Assad's Shiite backer Iran said the Syrian government could not have been behind the possible chemical weapon attack as Assad had the upper hand in the fighting.

Russia, which has rejected the Syrian opposition claims of a chemical weapons attack as a "premeditated provocation", said that despite the site falling in a zone controlled by rebels, the U.N. team would need the approval of Damascus to visit there.

"We proceed from the premise that the mission must agree on this visit with the Syrian side, as the receiving party," the Russian foreign ministry's official spokesman said in Moscow.

Israel said Thursday it believed Syrian forces had used chemical weapons, and it accused the world of turning a blind eye to such attacks.

"The world condemns, the world investigates, the world pays lip service," Strategic Affairs Minister Yuval Steinitz said on Israel Radio.

"Nothing tangible or significant has been done in the past two years to halt (President Bashar al-) Assad's incessant massacre of his citizens," he said.

Human rights groups backed calls for access for the U.N. inspectors to the sites of the alleged attacks.

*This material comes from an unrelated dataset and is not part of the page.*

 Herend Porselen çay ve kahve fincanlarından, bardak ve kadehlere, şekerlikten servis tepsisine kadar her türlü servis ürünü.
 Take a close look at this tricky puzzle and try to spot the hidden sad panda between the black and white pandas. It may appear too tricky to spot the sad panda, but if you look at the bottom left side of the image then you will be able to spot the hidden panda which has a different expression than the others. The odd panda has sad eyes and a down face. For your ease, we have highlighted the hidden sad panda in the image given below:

Should the allegations be true, "the attacks would amount to war crimes," said Amnesty International's deputy director for the Middle East and North Africa Hassiba Hadj Sahraoui, who urged the U.N. inspectors to visit the site.

New York-based Human Rights Watch said that the descriptions its staff heard from witnesses are "consistent with the use of chemical nerve agents."

"A huge number of people in Ghouta (towns east of Damascus) are dead, doctors and witnesses are describing horrific details that look like a chemical weapons attack and the government claims it didn't do it," said Joe Stork, HRW's acting Middle East director.

"The only way to find out what really happened in Ghouta is to let U.N. inspectors in," Stork added.

In Ghouta on Thursday, rockets and heavy mortar rounds hit the rebel-held areas of Jobar and Zamalka, which are on the eastern outskirts of the capital, activists said.

Rockets also hit the nearby district of Qaboun to the north, where rebel fighters have repelled attempts by loyalist forces to overrun the area, and the Yarmouk Palestinian refugee camp area to the south, the activists added.